Постаравшись ободрить польских министров, Наполеон отбыл, по-прежнему инкогнито, прибыл в Дрезден, остановился у посланника Серра и позвал бедного короля Саксонии, перепуганного столь необычайной переменой фортуны. Наполеон сказал ему, что не следует тревожиться из-за последних событий, что через несколько недель он вернется сильным как никогда и сохранит для него Польшу, эту старую химеру, милую сердцу саксонских государей, и оставил венценосного простака, привыкшего не понимать французского императора, а верить ему, почти успокоенным. Наполеон посоветовал ему хранить тайну об этом посещении еще двое суток, а затем уделил некоторое время написанию письма тестю. В письме Наполеон объявлял, что возвращается целым и невредимым, здоровым, спокойным и уверенным; что дела обстоят так, как он описал в 29-м бюллетене; что он намерен вернуться на Вислу с великолепной армией; что продолжает рассчитывать на альянс с Австрией и скорый набор австрийского корпуса; и что желает, чтобы к нему в Париж прислали видного дипломата (поскольку князь Шварценберг был нужен в Галиции), ибо придется обговаривать важные дела.
Затем Наполеон отбыл в Веймар. Поскольку в тех местах, через которые он собирался проезжать, в санях уже не было необходимости, он позаимствовал карету у своего посла Сент-Эньяна и поехал в Париж на почтовых. Когда Наполеон добрался до Рейна, прятаться уже не было нужды, ибо если он и был для Франции абсолютным, требовательным и даже тираничным владыкой, он оставался и ее генералом и защитником и мог безопасно в ней показаться. Чтобы не вызвать чрезмерного удивления, Наполеон послал вперед офицера с запиской, предназначенной для обнародования в «Мониторе». Она гласила, что 5 декабря император собрал генералов в Сморгони, временно, только на тот период, пока холод парализует военные операции, вручил верховное командование королю Мюрату, а сам миновал Варшаву и Дрезден и вскоре прибудет в Париж, дабы взять в свои руки управление Империей.

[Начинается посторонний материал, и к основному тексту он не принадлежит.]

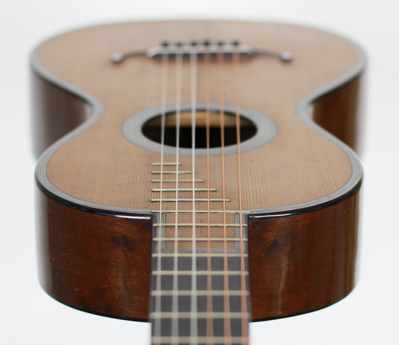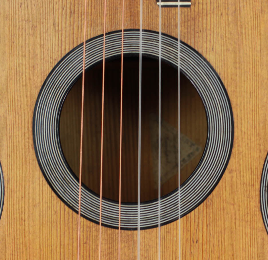 Die Mauchant Brüder (1762-1844 und 1788-1871) waren Hersteller und Händler von Musikinstrumenten. Beide bauten ausgezeichnete Gitarren und vermarkteten hauptsächlich die in Mirecourt gebauten Gitarren. Diese Gitarre ist mit "Mauchant Frères" signiert. Die Decke ist aus Fichte, Boden uns Zargen sind aus Mahagoni. Die Gitarre befindet sich in sehr gutem Originalzustand und ist einwandfrei bespielbar.

Наполеон прибыл почти тотчас после офицера, возвестившего о его прибытии. В половине двенадцатого вечера 18 декабря он вошел в Тюильри и застал врасплох жену, ничуть не охладевшую к нему из-за перемены положения, но глубоко удивленную, ибо она думала, что сочетаясь с ним, соединяется не только с баловнем фортуны, но и с самой фортуной, щедрой рукой раздающей земные блага. Наполеон нежно обнял Марию Луизу и, продолжая с ней род комедии, которую играл со всеми, повторил, что холод, только холод вызвал удивительное злоключение, которое, впрочем, легко исправить, как вскоре все увидят. Он ободрил жену как мог, не признавшись даже ей в терзаниях чудовищно страдавшей гордости.
Наутро 19-го Наполеон ждал министров и придворных. Первое свидание с покорными служителями, с которыми он столь пренебрежительно обходился с высоты своего беспримерного величия, было мучительным. Но у него имелся ресурс, который приберег для него печальный случай и которым низость большинства придворных позволяла ему воспользоваться: заговор генерала Мале. Дерзкий заговорщик до такой степени застиг их врасплох, что некоторые высшие чиновники, в частности, умный и бесстрашный министр полиции Савари, попали в тюрьму. Потом они доносили друг на друга и приказали расстрелять дюжину несчастных (тогда как виновным был один), оставшись в неуверенности относительно того, удалось ли им обрести снисходительность отсутствующего повелителя.
Поэтому теперь придворные беспокоились о том, какой прием он им окажет, и едва ли помнили при этом о пятистах тысячах погибших и о переменившейся фортуне Франции. Наполеон, обязанный дать им прискорбный отчет о событиях, мог, напротив, требовать отчета у них. Рабская зависимость, читавшаяся почти на всех лицах, была ему чрезвычайно удобна. Он принял двор и правительство с крайним высокомерием и суровым спокойствием, словно ожидая объяснений, а не собираясь их давать: рассуждая о внешних делах как о самых незначительных, а о внутренних – как о наиважнейших, желая, чтобы ему разъяснили последние, словом, расспрашивая, чтобы самому избежать расспросов. Разумеется, говорил он, обращаясь то к одним, то к другим, в этой кампании случилось немало невзгод, французская армия пострадала, но не более, чем русская армия. Затем, оставляя без внимания, как нечто второстепенное, экспедицию в Россию, Наполеон спрашивал, как можно было дать себя застигнуть врасплох и, главное, почему, даже поверив в его смерть, не обратились к императрице и королю Римскому, законным его преемникам, как могли так легко поверить в упразднение существующего порядка вещей?